Alors que Coucy avait une certaine activité et même une image de prospérité sereine, la 1ère guerre mondiale vint briser les derniers charmes de l'endroit. En effet, Coucy se trouve en première ligne lorsque les Allemands déferlent en août 1914. Immédiatement occupé et ce, pendant près de trois ans, on peut y noter la présence d'une garnison et d'un "Kazino für Offizieren". Coucy connaîtra un premier choc qui sera décisif pour lui en 1917. Obligés de battre en retraite, les soldats allemands, sur ordre de Luddendorf, utilisent 27 t de cheddite pour faire sauter le donjon et éviter ainsi qu'un tel poste d'obser­vation ne tombe aux mains des français - alors qu'à l'époque, l'aviation était suffisamment développée pour jouer ce rôle, mais non contents de cela, ils font également sauter les quatre tours du château, une autre de l'enceinte, et les trois portes de la ville - qui ne bénéficiaient pas de la même excuse -. Ainsi, la ville est entièrement rasée, exception faite de la maison qui a abrité l'état-major du Kronprinz.

Les combats de rue qui s'y déroulèrent en 1918 achevèrent de sinistrer le lieu, déjà fort atteint, sans apparemment laisser aucun espoir pour que Coucy puisse se relever un jour.

LA RESTAURATION DE COUCY, PREMIERS ESPOIRS

Pourtant, la nature finit toujours par triompher et Coucy voit ses ruines relevées.
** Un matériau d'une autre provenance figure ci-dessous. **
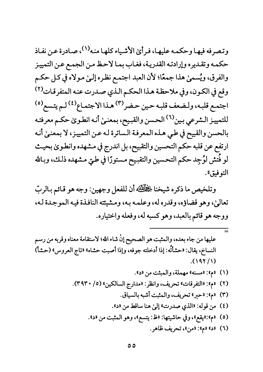 وتصرفه فيها وحكمه عليها، فرأى الأشياء كلها منه (¬١)، صادرة عن نفاذ حكمه وتقديره وإرادته القدرية، فغاب بما لاحظ من الجمع عن التمييز والفرق، ويُسمى هذا جمعًا؛ لأن العبد اجتمع نظره إلى مولاه في كل حكم وقع في الكون، وفي ملاحظة هذا الحكم الذي صدرت عنه المتفرقات (¬٢) اجتمع قلبه، ولضعف قلبه حين حضر (¬٣) هذا الاجتماع (¬٤) لم يتسع (¬٥) للتمييز الشرعي بين (¬٦) الحسن والقبيح، بمعنى أنه انطوى حكم معرفته بالحسن والقبيح في طي هذه المعرفة الساترة له عن التمييز، لا بمعنى أنه ارتفع عن قلبه حكم التحسين والتقبيح، بل اندرج في مشهده وانطوى بحيث لو فُتش لوُجِد حكم التحسين والتقبيح مستورًا في طيّ مشهده ذلك، وبالله التوفيق".
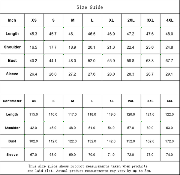 Centimeter XS S M L XL 2XL 3XL 4XL
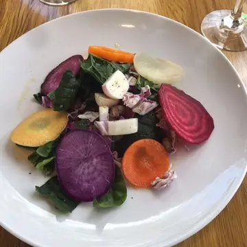 地元野菜たっぷりの前菜サラダ、一つ一つ甘みがあり美味しい
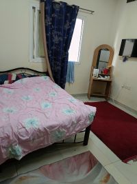 For monthly rent A furnished studio apartment with beautiful and spacious furniture in Al Naba'Bills included, no deposit required. Strategically located near Lulu Hypermarket, the city center, and all public services and amenities. easy access to the Dubai exit. Located in a modern building with central air conditioning and gas, offering an open view and comfortable lighting
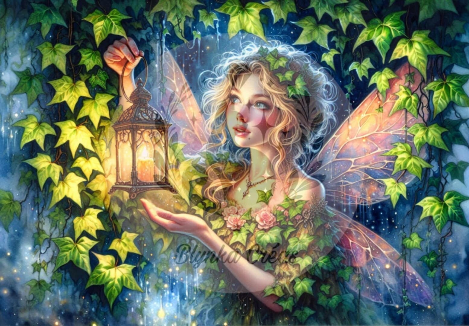 Dans une forêt magique enveloppée de lierre, une fée lumineuse veille, lanterne à la main, guidant les âmes perdues entre rêve et nature
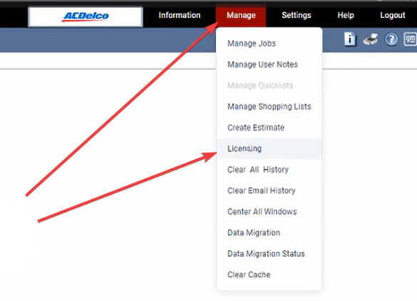 (Reference image shows the Manage menu expanded with the Licensing option highlighted.)
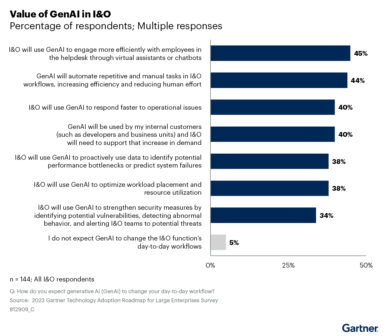 - 45% of respondents indicate that “I&O [Infrastructure & Operations] will use GenAI to engage more efficiently with employees in the helpdesk through virtual assistants or chatbots.”
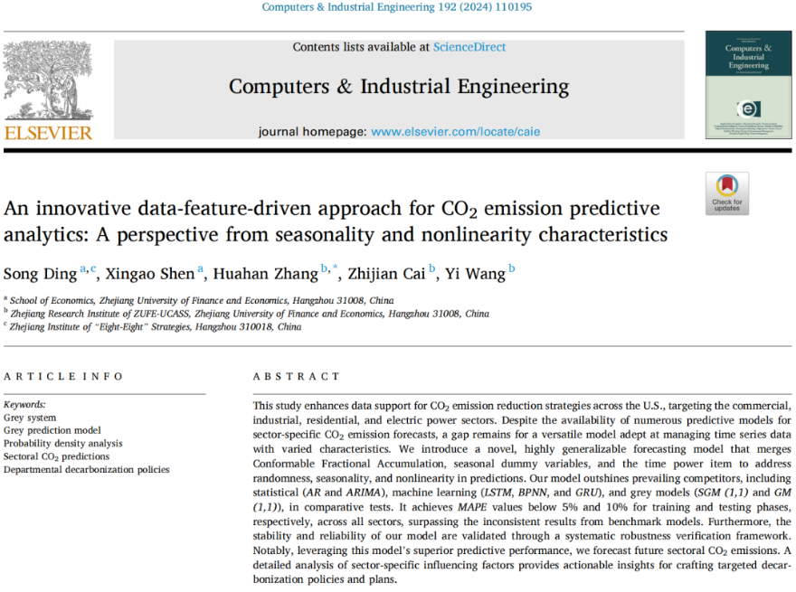 原文:Ding, S., Shen, X.A., Zhang, H.H., Cai, Z.J., Wang, Y., 2024. An innovative data-feature-driven apprach for CO:2 emission predictive analytics: A perspective from seasonality and nonlinearity characteristics. Computers & Industrial Engineering, 192, 110195.
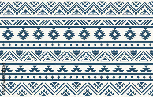 Ethnic tribal Aztec blue and white background. Seamless tribal pattern, folk embroidery, tradition geometric Aztec ornament. Tradition Native and Navaho design for fabric, textile, print, rug, paper
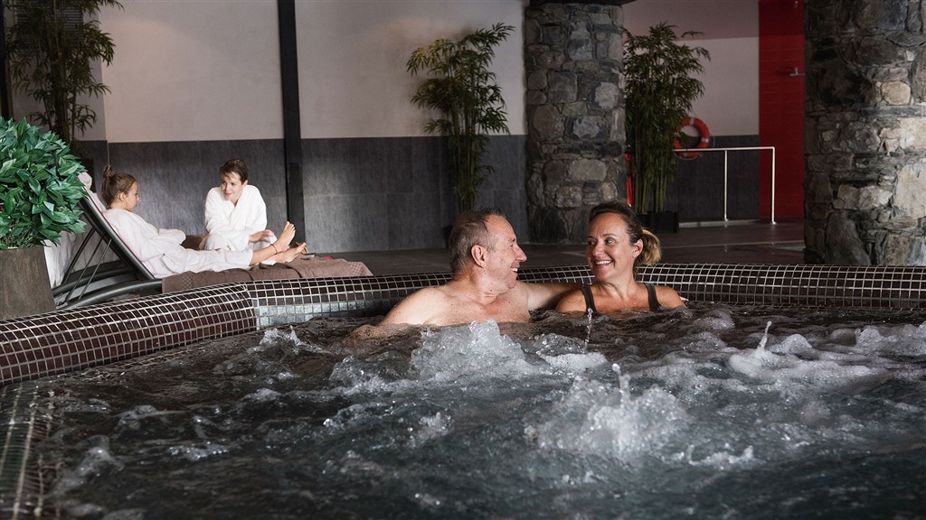 Vstup do wellness centra: krytý vyhrievaný bazén, vírivky, sauny, hammam, fitness
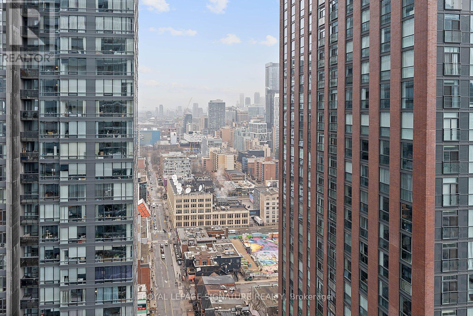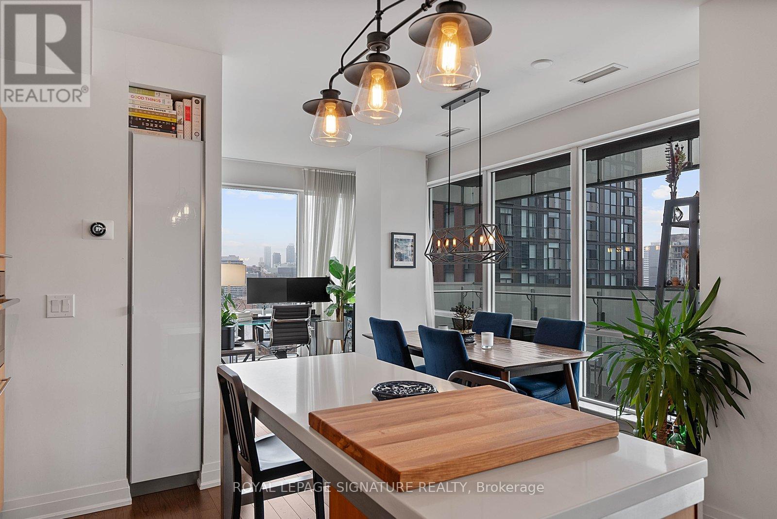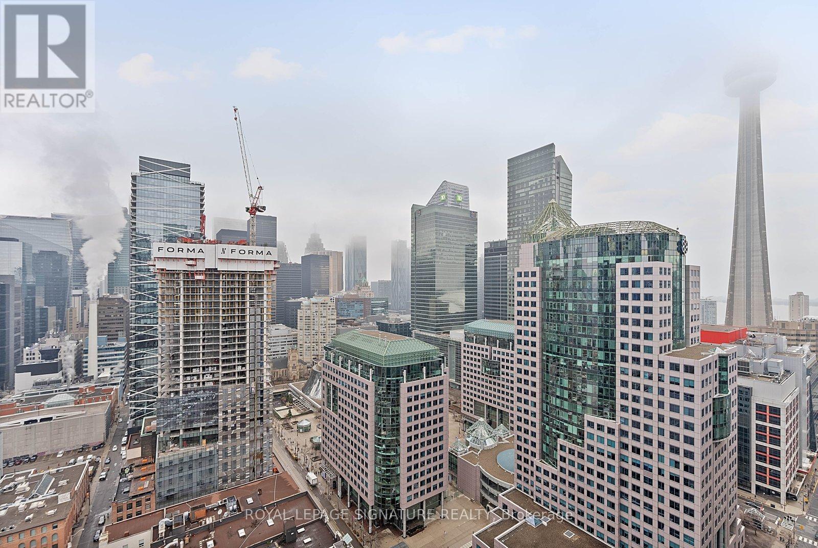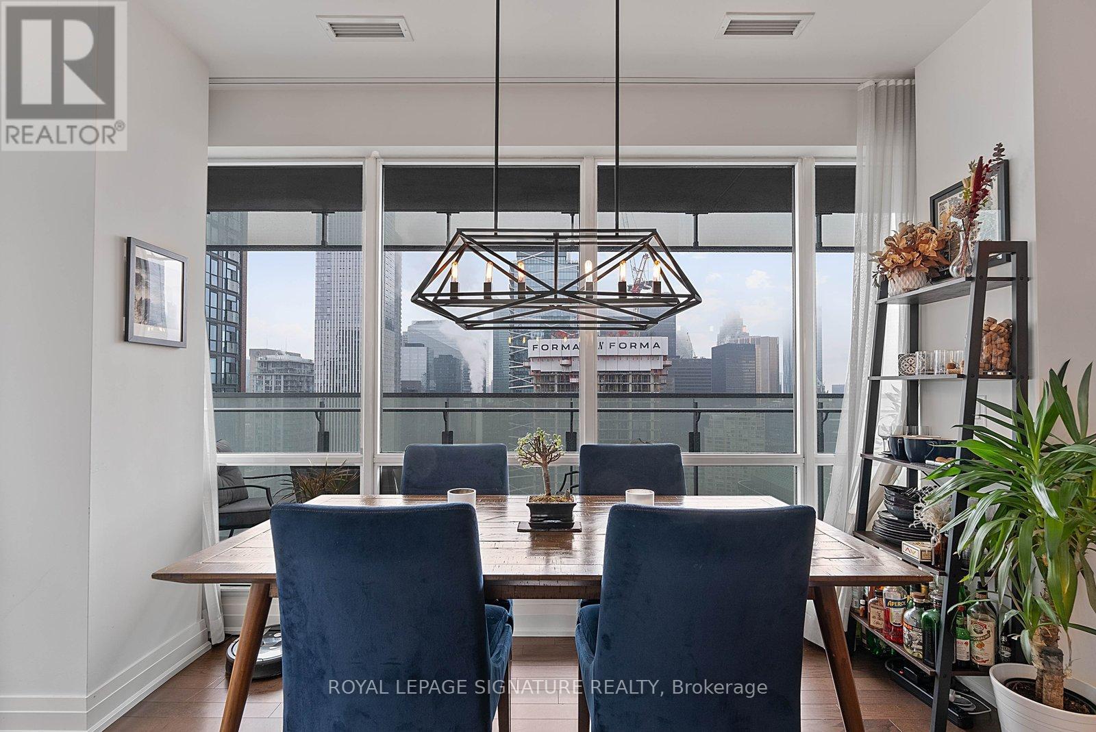 Welcome to Suite 3008 at Festival Tower. A modern corner unit featuring a large terrace with expansive city views. Step into the open kitchen combined with living room and separate dinning space. Floor to ceiling windows allow for an abundance of natural light throughout. The kitchen includes built-in appliances, ample storage and a breakfast island for everyday convenience. The primary bedroom features a double closet and semi-private ensuite. Pride of ownership is evident throughout with thoughtful details and finishes. Experience downtown living with every amenity at your doorstep. Walking distance to Rogers Centre, CN Tower, waterfront, restaurants, cafes, shops, and convenient transit options. (id:4555)
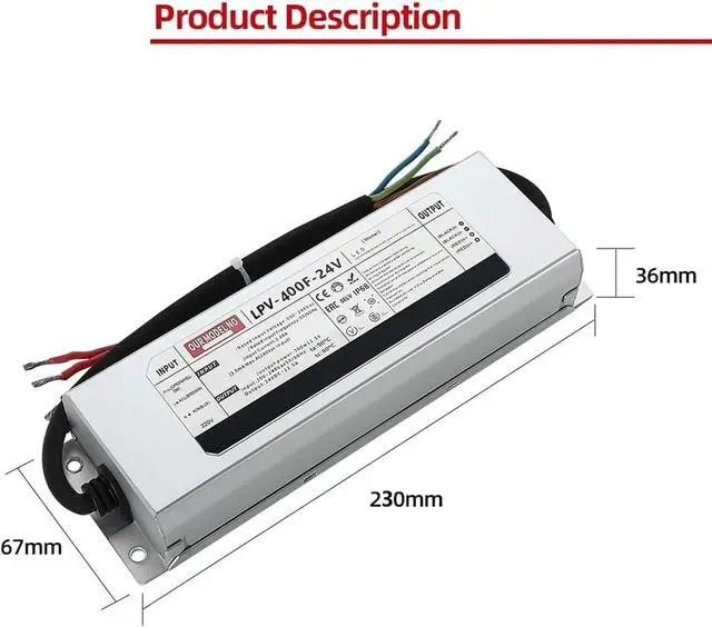 LPV-400F Waterproof Power Supply 400w 12v/24v Switching Power Supply LED Driver(LPV-400F-24V 16.7A)
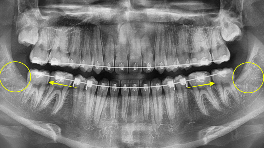 또한 하악 사랑니 발치도 치료 계획에 포함됩니다. 사랑니는 아랫니를 후방으로 이동시키는 데 물리적 장애물이 될 수 있으며, 특히 3급 부정교합 환자에서는 하악 전치의 후방 이동을 위한 공간 확보가 매우 중요하기 때문입니다.
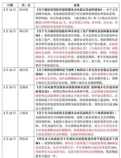 據(jù)不完全統(tǒng)計(jì),截至目前,已有無(wú)錫、廈門、衡陽(yáng)、福州等地相繼出臺(tái)政策支持房地產(chǎn)市場(chǎng)平穩(wěn)健康發(fā)展。此外,濟(jì)南、西安、杭州、上海、天津、南昌、南京、浙江等省市出臺(tái)土地新政應(yīng)對(duì)疫情,部分城市明確土地款可申請(qǐng)延期或分期繳付。
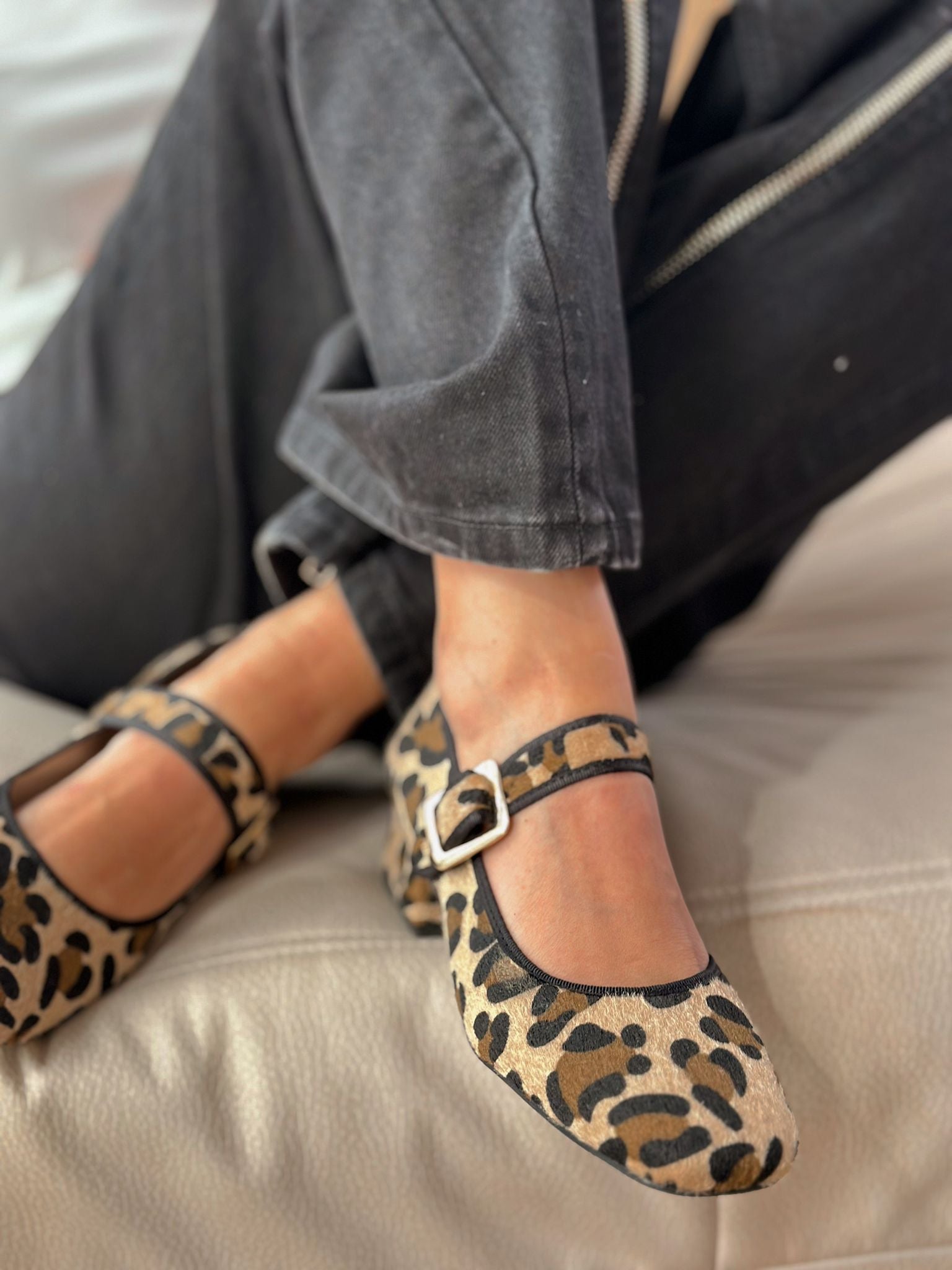 "Leopar Desenli Kısa Topuklu Mary Jane ayakkabılar, sezonun öne çıkan fashion trendlerinden biri olarak gardırobunuzun en gözde parçalarından biri olacak. Leopar deseni ile stilinize cesur bir ifade kazandırabilirsiniz. Kısa topuğu sayesinde günlük kullanım için ideal olan ‘Odenca’
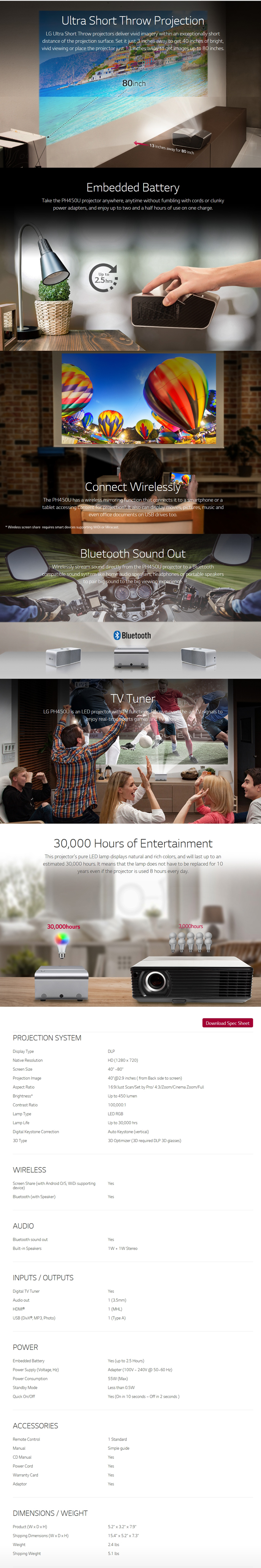 LG PH450U is an LED projector with TV functions. Receive over-the-air TV signals to enjoy real-time sports games and TV shows.
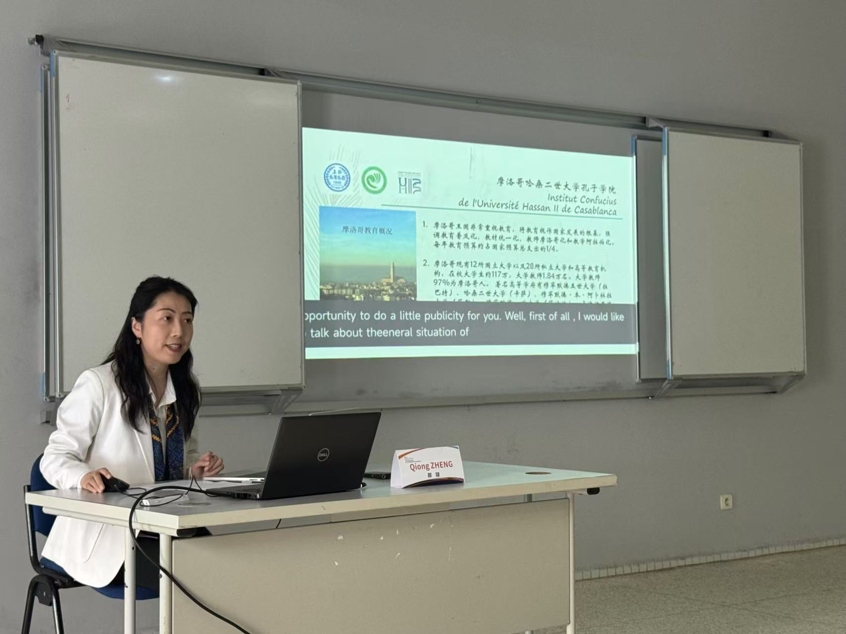 (摩洛哥哈桑二世大学孔子学院中方院长郑琼发言)
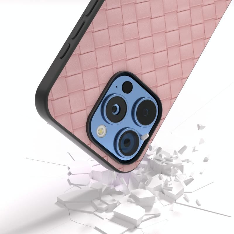 For iPhone 16 Pro Black Frame Woven Texture PU Phone Case(Pink)
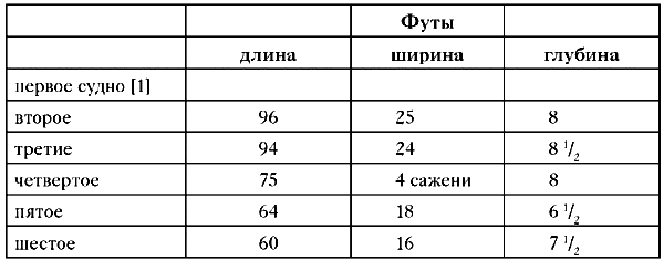 Футы длина ширина глубина первое судно [1] второе 96 25 8 третие 94 24 8 1/2 четвертое 75 4 сажени 8 пятое 64 18 6 1/2 шестое 60 16 7 1/2
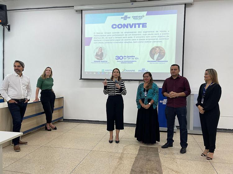 A diretora técnica do Sebrae, Suelem Amoras; o secretário de estado da Ciência e Tecnologia, Edivan Barros; a presidente da Associação Brasileira de Startups (ABStartup), Ingrid Barth; e o CEO da BWH Hotels, Ricardo Manarini; receberam na sede do Sebrae, nesta terça (30), às 9h, empresários de hotelaria e gastronomia. O objetivo é apoiar os setores econômicos que receberão visitantes nacionais e estrangeiros, no Encontro Startup20, que acontece na sede do Sebrae em Macapá, no período de 23 a 26 de fevereiro.
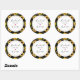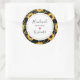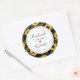 Hecho a mano con pegatinas de amor con un elegante y elegante patrón. girasoles amarillo bonito y hojas verdes rodeadas de delicadas cadenas de oro. Fondo negro. Un círculo con un falso borde de Relieve metalizado dorado sobre la parte superior con tu texto personalizado dentro.
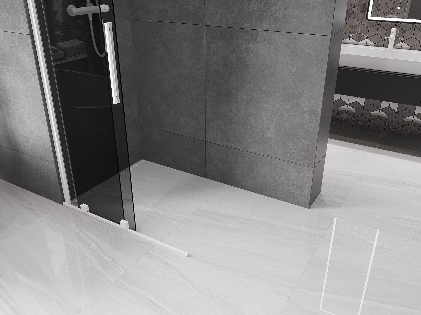 Mexen Velar paroi de douche coulissante Walk-in 85 x 200 cm, graphite 8 mm, blanc - 871-085-000-43-20

Tout d'abord, les maisons, bien que le gouvernement ait pendant un temps voulu laisser les choses en l'état pour garder en mémoire la "barbarie allemande".

Puis, c'est au tour du monument lui-même: à partir de 1922, les ruines sont déblayées et un premier sauvetage est opéré. Les travaux sont interrompus par la seconde guerre mondiale qui amène de nouveau les Allemands à Coucy, sans que ceux-ci trouvent rien à ajouter au travail accompli par leurs prédécesseurs de 1914-18. Dès 1945, la reprise de la conservation et de l'entretien de la Basse-cour a lieu. De 1968 à 1971, deux tours du château sont consolidées et le musée reconstruit dans la tour de la porte de Soissons abrite de nouveau les maquettes du château et de son donjon.
Enfin, à partir de 1966 sont organisés des camps de jeunes bénévoles et l'armée de terre intervient également pour effectuer des travaux de déblaiement et préparer la place pour de futurs chantiers de gros ­oeuvre.

Désormais, c'est l'Association de mise en valeur du château de Coucy qui s'occupe de la restauration de Coucy. Depuis le 1er mars 1972, elle organise chaque année des chantiers bénévoles (interrompus en 1967, repris grâce à l'AMVCC, en 1976) qui ont pour but de redonner à Coucy un cadre agréable. Certes ses moyens sont encore restreints mais d'ici quelques années sera sans doute lancée une opération de plus grande envergure, visent à une restauration plus importante.